TPST Mengwi Volume Sampah Turun, Tenaga Pemilah Dihentikan

Ayu W. · 2 min baca · 2 bulan lalu · 75 dibaca
Bisik.id
TPST Mengwi Volume Sampah Turun, Tenaga Pemilah Dihentikan

Gambar atau konten salah?

Di Badung, volume sampah yang masuk ke TPST Mengwi kini menurun drastis dibandingkan masa lalu, ketika mencapai 1.000 ton per hari. Ratusan tenaga pemilah yang sebelumnya diberi tunjangan di lokasi tersebut akhirnya dihentikan.

Menurut Kepala Dinas Lingkungan Hidup dan Kebersihan (DLHK) Badung, Made Rai Warastuthi, "Total sampah kemarin itu sampai dengan 1.000 ton. Sekarang sudah berkurang dan sudah sesuai dengan jumlah harian seiring meningkatnya kesadaran masyarakat untuk memilah," ia katakan pada Selasa, 19 Mei 2026.

Rai menjelaskan bahwa sebelumnya 900 orang tenaga pemilah, yang merupakan petugas taman dan kebersihan jalan DLHK Badung, bekerja memisahkan sampah organik dan anorganik di TPST Mengwi. Meski sudah tidak aktif, ia tidak menutup kemungkinan skema tersebut kembali diterapkan jika volume sampah kembali menumpuk. "Tenaga pemilah sudah kami nonaktifkan, tapi kalau seandainya nanti bagaimana, ya kami pantau lagi," tambahnya.

Menurut Rai, penurunan volume sampah menandakan mesin pengolahan berfungsi optimal dan tenaga pemilah bekerja keras setiap hari sebelum dinonaktifkan. Ia menilai bahwa tumpukan sampah di sekitar terminal dan fasilitas umum juga berkurang secara linier berkat sistem ini. "Yang di TPST Mengwi itu sudah landai dengan alat yang optimal bekerja serta tenaga kita yang jumlahnya 900 memilah setiap hari. Jadi hasil pilahan sudah semua kami bisa tanggulangi dan kami bawa ke TPA sehingga sampah-sampah liar itu sudah semakin sedikit," ia ungkap.

Evaluasi berkala terus dilakukan dengan mengerahkan satuan tugas khusus ke pemukiman warga di seluruh wilayah Badung.
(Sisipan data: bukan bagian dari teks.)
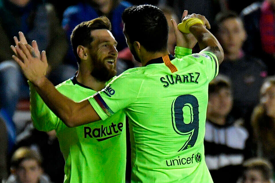 ברצלונה סידרה לעצמה הערב (ראשון) פער של שלוש נקודות בפסגת הליגה הספרדית אחרי 0:5 בחוץ על לבנטה. ליאו מסי שוב נצץ מעל כולם, כשהרשית שלוש פעמים בתוך 17 דקות ורשם שלושער מספר 43 בקריירה (רונאלדו עשה זאת 44 פעמים במדי ריאל).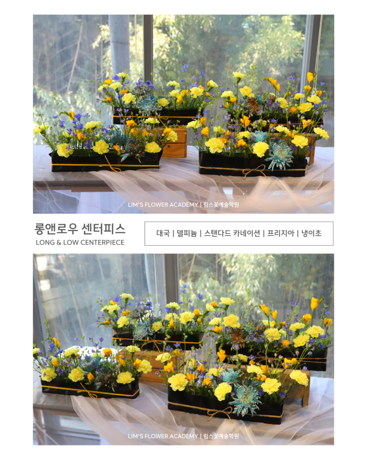 ✨ 낮게 흐르는 꽃의 선율, 가장 내추럴한 라인감 가로의 선형미와 볼륨감의 조화가 아름다운 롱앤로우 센터피스 (LONG & LOW CENTERPIECE) #롱앤로우센터피스 가로로 길고 높이가 낮은 형태의 꽃꽂이 스타일입니다. 주로 긴 식탁이나 회의용 테이블, 웨딩 테이블 등에 사용되며, 마주 앉은 사람의 시야를 가리지 않으면서 공간을 풍성하게 채워주는 것이 특징입니다. |수평적 라인 좌우로 길게 뻗는 라인을 강조하여 안정감과 우아함을 줍니다. |다양한 활용 홈파티, 결혼식 연회석, 호텔 로비, 기업 행사 등 격식 있는 자리에 자주 쓰입니다. |시야 확보 높이가 낮게 설계되어 테이블에 앉은 사람들이 서로 얼굴을 마주 보며 대화....... <img src="https://blogthumb.pstatic.net/MjAyNjA0MjBfNDMg/MDAxNzc2NjcxMTA2MDUw.nmWHzB4nRPJioBOXj2RgCqzhb_Ioa8DmUfgoEBiR3Ecg.d6sURJHOcDEMkA0r3rOzy2l9J30ixIZqn0RNhfjt4Rwg.PNG/1.png?type=s3" />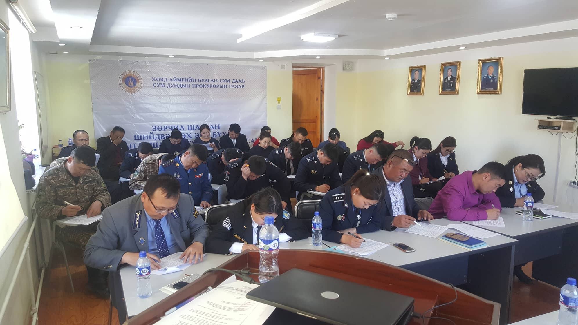 Ховд аймгийн Булган сум дахь Сум дундын прокурорын газрын 1 дүгээр улиралд хийж гүйцэтгэх ажлын төлөвлөгөөнд тусгагдсаны дагуу хяналтын харьяа зөрчил шалган шийдвэрлэх эрх бүхий албан тушаалтнуудын хамтарсан зөвлөгөөнийг 2019 оны 3 дугаар сарын 22-ны өдөр зохион байгуулсан байна.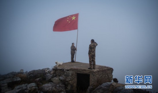 2017年1月1日,王繼才夫婦在開山島的最東邊舉行向國旗敬禮儀式。新華社記者 李響 攝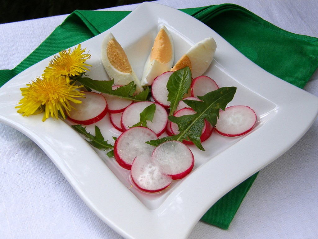 Ředkvičky důkladně omyjeme a nakrájíme na tenké plátky. Lístky pampelišky omyjeme a osušíme.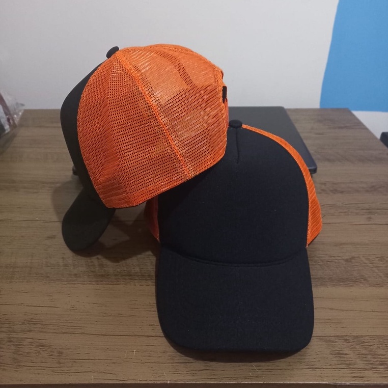 Boné Preto com Laranja Liso Trucker Masculino Feminino com Tela Aba curva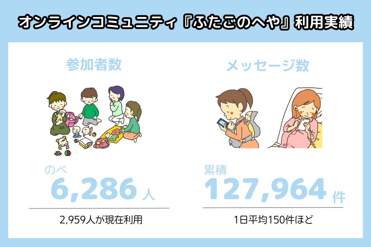 匿名で参加できる『ふたごのへや』には、多胎ママにとっての有益な情報や、多胎ママならではの悩みと共感の言葉が、月に4,000件を越えるメッセージとして飛び交っており、多胎ママ同士が励まし合い・支え合うコミュニティとなっています。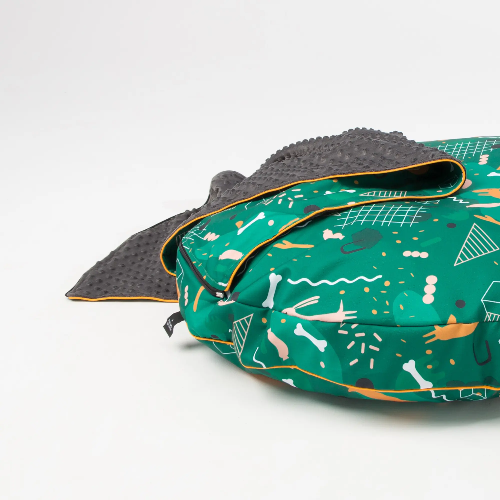 Dog or cat bed in the shape of a comfortable, round pillow with hood is a high-quality workmanship combined with a designer pattern and the highest comfort for your pet. The pattern designed by the wonderful illustrator Pola Augustynowicz will fit beautifully into the interior of your home.

Satgas ini akan memantau kesiapan sistem pengolahan sampah berbasis sumber di tingkat terkecil. Ia meminta seluruh warga cepat beradaptasi dan memilah sampah secara mandiri di lingkungan rumah masing-masing. "Di situ dilihat ada tempat pemilahan sampah, melakukan pemilahan, kemudian yang terakhir apakah mempunyai atau melakukan pengolahan sampah organik. Hanya kita terus mengimbau atau mensosialisasikan supaya seluruh masyarakat mempersiapkan untuk tanggal 1 Agustus 2026," pungkasnya.

Penurunan volume sampah di TPST Mengwi menunjukkan bahwa kombinasi mesin pengolahan yang efisien dan kesadaran masyarakat dalam memilah dapat secara nyata mengurangi tumpukan sampah di lingkungan publik. Dengan pemantauan berkelanjutan, Badung berusaha menjaga kebersihan dan kesehatan lingkungan bagi semua warga.

BadungTPST Mengwivolume sampahtenaga pemilahpengolahan sampahkesadaran masyarakattanggal 1 Agustus 2026

Komentar

Memuat komentar...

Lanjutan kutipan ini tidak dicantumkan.